Green was introduced by Fred Swanson, Antioch, past potentate of Mizpah Temple, Mystic Shrine, and a thirty-third degree Mason, who served as master of ceremonies.
Swanson introduced, the Rev. L. H. Messersmith, pastor of the church in which the service was held, and who gave the invocation.
Miss Sue Weber of Lake Villa, sand, "Bless This House," and James F. Stiles III, sang "The Lord's Prayer."
Swanson recited "Verse to the Flag" which was immediately followed by portions of "My Country `Tis of Thee."
Further introductions included Phillip Anderson, past master of the Millburn Lodge and chairman of the Temple committee which through tireless efforts and the aid of the Eastern Star over many years made the new building possible.
"This event brings joy to everyone," said Anderson. "It was only brought about through the cooperation of the people."
District Deputy Marshall Erickson, Waukegan, praised the Millburn lodge for its accomplishment.

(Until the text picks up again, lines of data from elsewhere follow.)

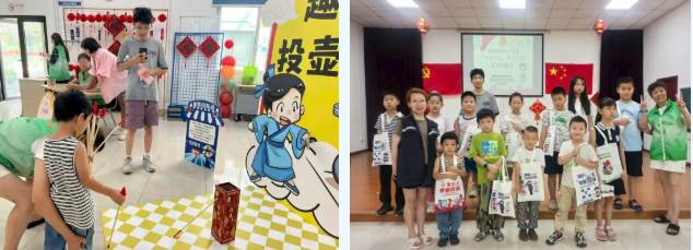 佳翔苑的 “社区小先生反诈园游会” 更成了孩子们的乐园。活动以 “集章赢奖” 为线索,孩子们领卡后就能参与各个项目:知识问答环节,“电信诈骗有哪些形式” 的问题刚出口,小手就举得老高,有的还站起来喊 “我知道!有刷单诈骗、冒充客服诈骗!”,尽显 “小先生” 风采;“反诈投壶” 的箭靶上标着 “刷单能赚钱”“中奖要先交押金” 等话术,套中后工作人员就细致讲解防范要点;“反诈沙包” 帮孩子们认清诈骗手段;再加上 “欢乐套圈圈” 的趣味项目,孩子们在笑声里玩得尽兴,更把反诈知识悄悄装进了脑海,成了会向家人传播的 “小小反诈宣传员”。
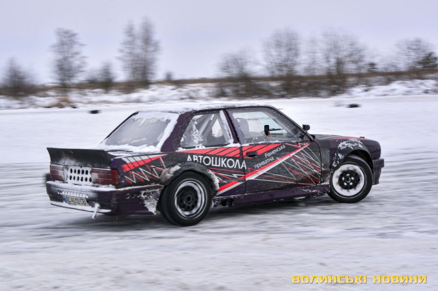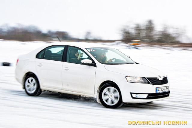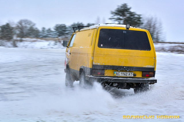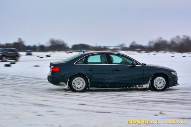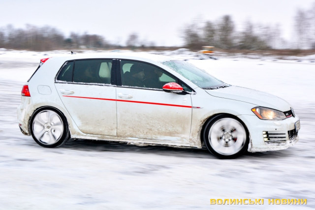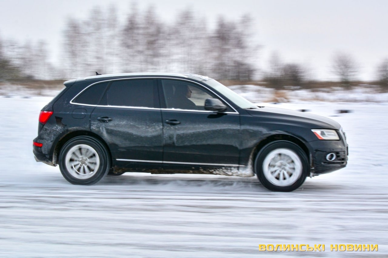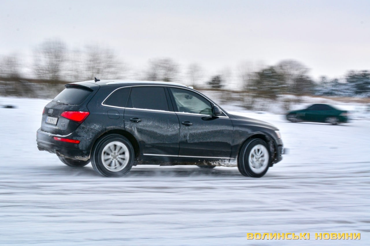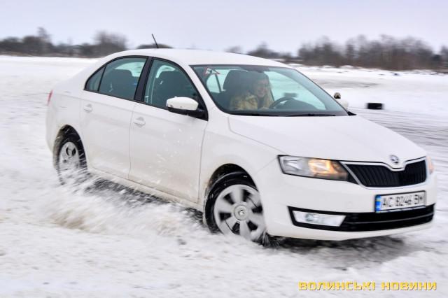 Дрифт на засніженій трасі. Біля Луцька водії вправлялись у контраварійному водінні
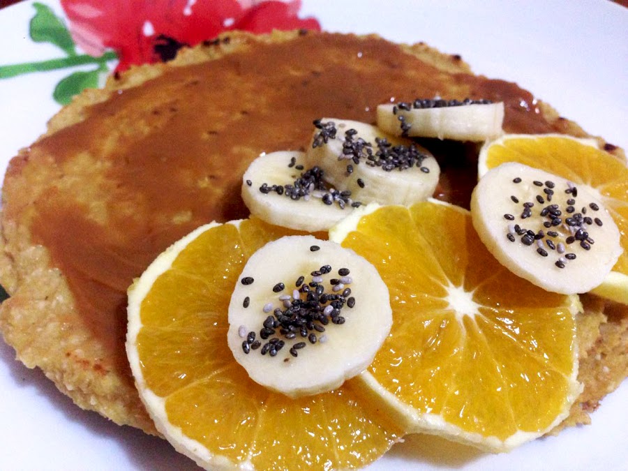 -Añadir a la mezcla la avena. En este paso, si es que usas avena en copos, necesitarás una máquina, para moler y unir todos los ingredientes. Hecho esto, obtendrás una pasta, idealmente que no quede ni muy espesa, ni muy líquida. Sin duda queda muy distinta a los panqueques o crepés tradicionales, ya que la avena absorbe mucho el líquido, pero debes cuidar de que la mezcla no quede demasiado seca.
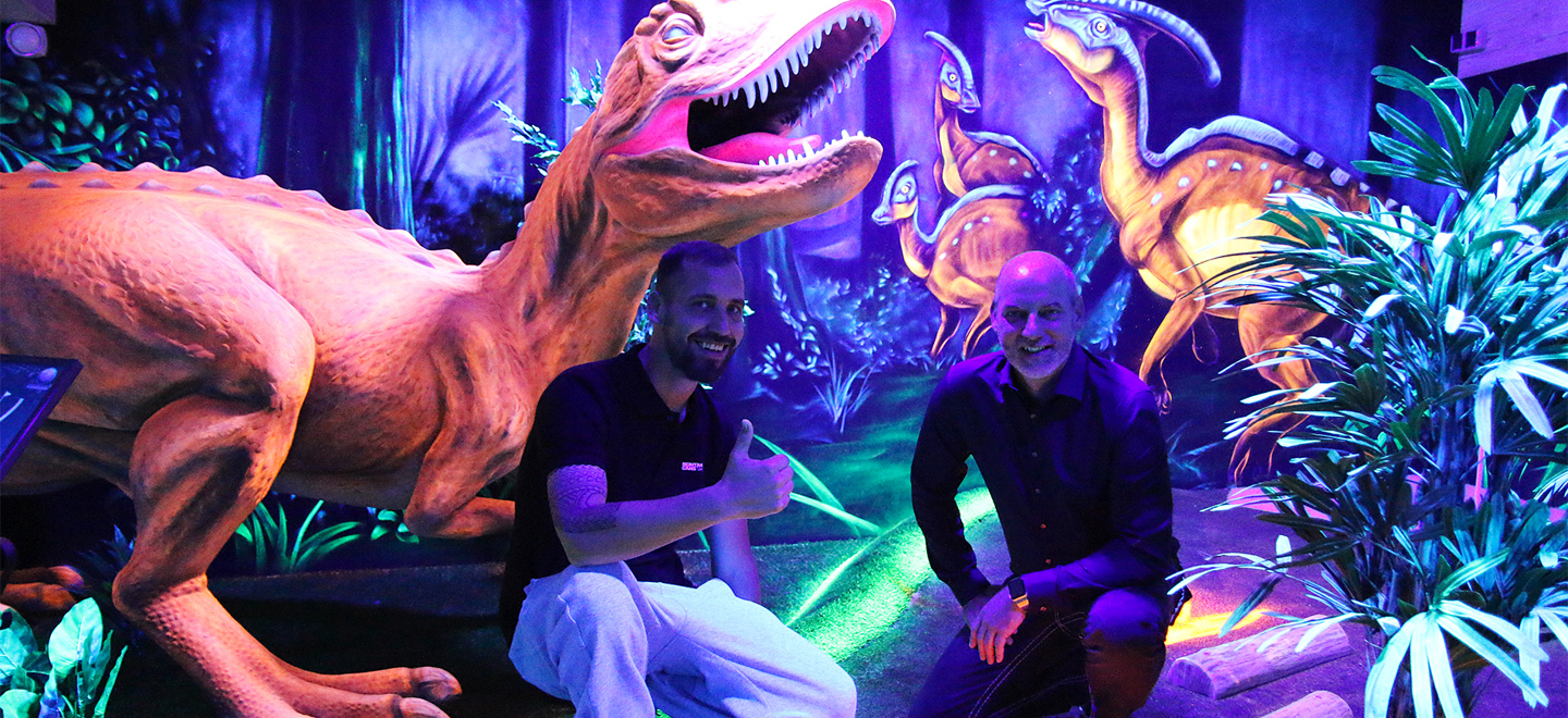 In nur 4 Monaten wurde ein neues Geschoss in die Halle eingebaut und alle Attraktionen spielbereit fertiggestellt. Das ist die erste 18 Loch Schwarzlicht Adventure Golf Anlage mit fotorealistischer Schwarzlicht Bemalung in Europa. Die Graffiti-Bemalung wurde in Zusammenarbeit mit dem für City Golf Europe exklusiven Künstler Costwo Marcel Graf entwickelt und realisiert. Das Design wurde dabei so aufgebaut, dass es sowohl unter Schwarzlicht als auch unter normalen Licht bespielt werden kann. Und dass ohne „störende“ 3D Brille. Reale Figuren, Pflanzen und die Bemalung sorgen für ein verschwimmen der Dimensionen. 4 verscheiden Welten lassen den Spieler durch eine faszinierende Eiswelt gehen, eintauchen in die aufregende Unterwasserwelt mit dem einzigartigen Kraken, in einen urzeitlichen Dschungel voller gefährlicher Dinosaurier wandeln, um schliesslich durch die brennende Hitze der Wüste in eine Oase zu gelangen. Begeben Sie sich auf die Reise durch die Klimazonen der Erde in Husum. Wir wünschen Timo und seinem Team einen großartigen Erfolg mit dieser einzigartigen Freizeit-Unterhaltung für Gross und Klein entworfen und gebaut von City Golf Europe.
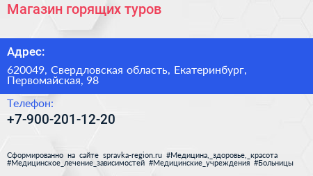 Магазин горящих туров по адресу 620049, Свердловская область, Екатеринбург, Первомайская, 98 в дальнейшем Организация, размещена в следующих категориях:
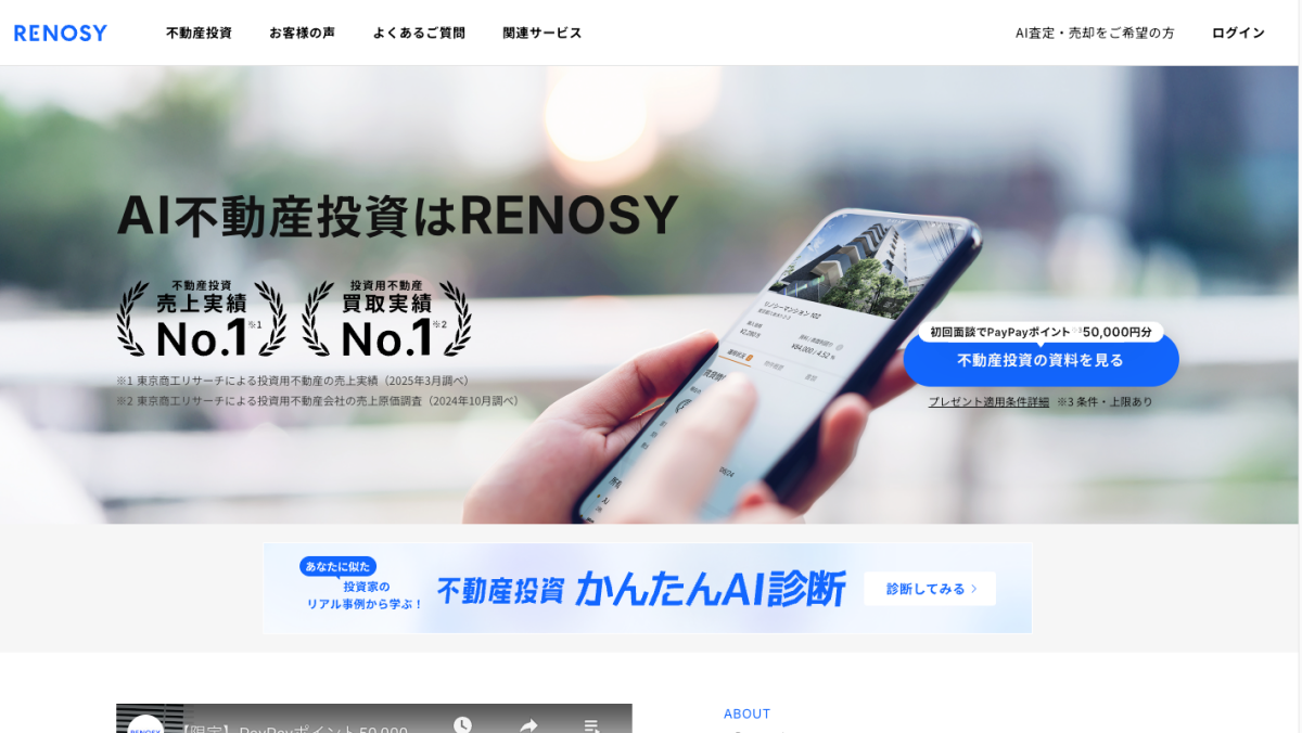 物件購入しました。大阪2件、福岡4件です。最初は広告を見て、話聞くだけでPayPayポイントもらえるラッキーって感じで申し込みましたが、担当の営業さんが不動産だけでなく税務もめちゃくちゃ詳しくて、かつ手続きも早いし全部オンライン&郵送で完結するし、忙しい人間には最高でした。これまで購入した不動産の会社で1番優秀だと思います。人と仕組みは完璧なので、後は買った物件が期待通りのパフォーマンス出してくれれば◎

Deputy Grand Master Sonntag delivered his address at the church. He expressed admiration for a community as small as Millburn that could erect such a fine building.
He called for the fostering of ideals that respect the dignity of the home and mutual respect declaring that successful living comes first in the home, then in the church and thereafter can be found in Masonry.
Sonntag then called for the formation of the processions from the church to the new building 200 feet south on Route 45. The procession line included Harold R. Kopfmen, Grand Senior Warden, and James Green, grand treasurer, both of Chicago, and Dwight H. Green, grand orator.
Others appointed by the grand lodge to act for the occasion were Charles W. Smith, deputy grand master; Clarence Schwartz, junior warden; Theodore Engh, secretary; Thomas J. Negahay, chaplain; Allan Johnson, master of the Millburn lodge, pursuivant; William Peters, marshal; Louis L. Craver, standard bearer; Herbert P. Sargeant, sword bearer; Marshall Erickson, senior deacon; Harold Ross, junior deacon; Lloyd Graham, Carsten Hansen, Floyd Brokaw, stewards, Philip Anderson, master of the oldest lodge; Benjamin Cribb, principal architect, and Lawrence R. Gelman, tyler.
Honored through their participation in the ceremony of the laying of the cornerstone were Edward Martin, and James Reeves, fifty year members of the Millburn lodge.
Ideal weather conditions added to the success of the outdoor service.
Placed in the stone were the bylaws and history of the lodge and the Temple Association, lists of officials, past masters, and members, post matrons and patrons and members, of the Eastern Star, which was chartered April 26, 1906.
Following the service refreshments were served at the church.